So why is bigger better? There are a few reasons…
First, the demand for solar panels increases every year. The average household solar panel installation was 4kW back in 2013. Recently that number has increased to over 8kW! It’s more than doubled, and keeps on increasing every year!
Imagine this: the year is 2013 and you just installed your 4kW solar system, which was the average at the time. In just six years, the average doubled to 8kW, meaning your system might not be big enough for electric vehicles and other electrical appliances.
It also makes sense to take advantage of solar rebates provided by state governments in Australia. The incentive is there for people to install larger solar systems. There are even rebates for existing systems to be upgraded!
Second, if your goal is to get to a near-zero electricity bill, you can’t just base it on average electricity usage; you have to think of those cold winter months when solar production is at its lowest and energy usage is at its highest. A large system will allow you to offset those bigger energy variations.

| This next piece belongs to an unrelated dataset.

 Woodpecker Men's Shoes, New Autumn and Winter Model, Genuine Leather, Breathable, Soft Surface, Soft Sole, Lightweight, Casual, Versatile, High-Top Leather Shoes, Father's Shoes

Using this solar calculator, we've calculated that upgrading from a 6.6kW to an 8kW system adds an additional $233 in savings in the first year alone. If you get an even bigger 10kW system, that's an additional $1,294 in savings!

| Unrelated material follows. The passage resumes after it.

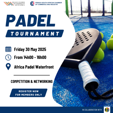 The French South African Chamber of Commerce and Industry (FSACCI) is thrilled to announce the launch of its second Padel Tournament in Cape Town in collaboration with the Belgian Chamber of Commerce in South Africa (BCCSA) to bring together respective members for an afternoon of competition and networking.

Third and most importantly, is to plan for the future. What happens when you get an EV, batteries, and fully electrify your household?
If you’re worried about spending too much money on solar panels, don't be! Solar panels are always growing in popularity. In fact, data shows Australia’s solar output will double in five years as more panels are installed. If you want to save money on your electricity bill and reduce your carbon footprint over time, invest in solar today.

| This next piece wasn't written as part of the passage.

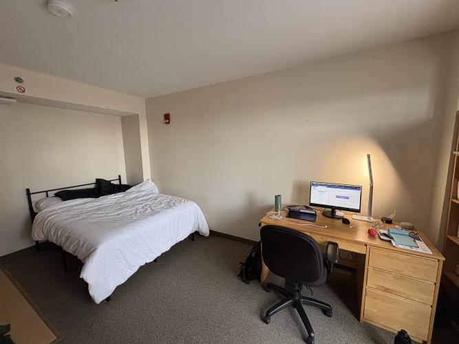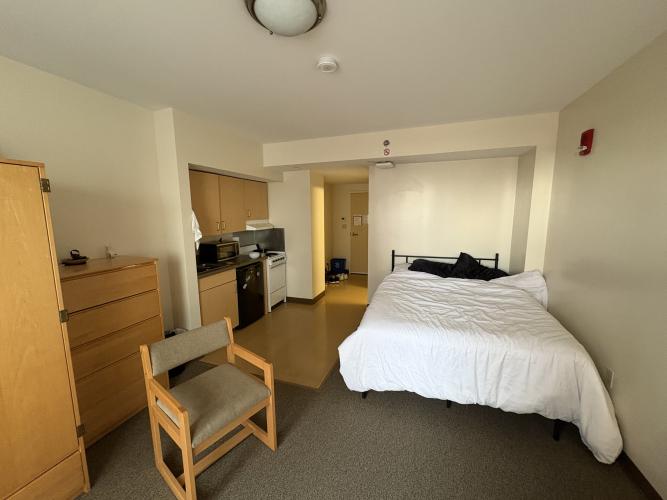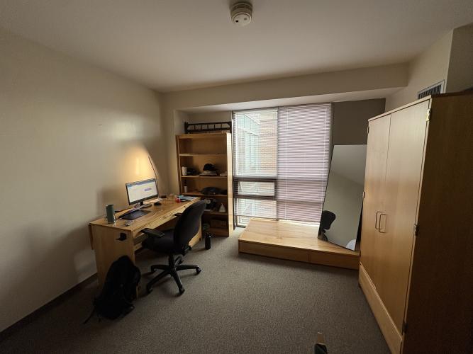 - Desk + chair, dining table, wardrobe/clothes rack, and other basic furniture

2. Electrify everything (and save up to $1,900 per year)
In a report by the Climate Council, they found that households can save up to $1,900 per year just by switching from gas to electric.
The main reason is the extreme price increase for gas. In the last year, the wholesale price of gas has almost tripled, meaning common appliances such as gas heaters, stovetops, and hot water systems (read more about how to reduce your hot water bill) are more expensive to run than their electric counterparts.
If you take into account vehicle fuel, you could be saving as much as $5,400 per year by 2030 for having a fully electrified household! As of today, the average Australian household uses 102kWh of energy per day from appliances and vehicles. The number goes down to just 37kWh when you go fully electric. That is a massive 63% in energy savings.
Once you have a highly efficient household, you may also have additional solar power to export. Understanding feed-in tariffs and finding the right electricity plan will also play a significant role in savings.
3. Switch to a better electricity plan (to save an additional $400 per year)
You might be surprised at how much money you can save by simply choosing a better plan. Our analysis of Solar Analytics users estimates that on average, solar owners can save an additional $400 a year by switching to a better plan.
Plans are confusing, and change all the time. That’s why we developed a free plan comparison tool to help you quickly identify the best plans on the market, based on your typical energy usage profile. First, you need to learn about your own energy plan. Do you have a variable rate plan or a fixed rate plan? The type of plan that’s right for you will depend on a number of factors.
- How much electricity are you producing with your solar panels?
- How much electricity is your household consuming?
- How much electricity do you import and export back to the grid?
These factors play an integral role in choosing the right electricity plan! What works for others may not work for you, so we recommend doing your research and comparing energy plans before making the change. In fact, our head of Business Development, Nigel Morris, saved almost $800 a year by switching plans.
The Plan Optimiser that comes with a Solar Analytics subscription will take the guesswork out of finding the ideal plan for your home. It provides you with personalised recommendations based on your current plan, energy usage and production, using your actual data. It will calculate exactly how much you could save by switching so you can make an informed decision.
Once you’re on the best energy plan, the next point covers a simple concept that will help you save more.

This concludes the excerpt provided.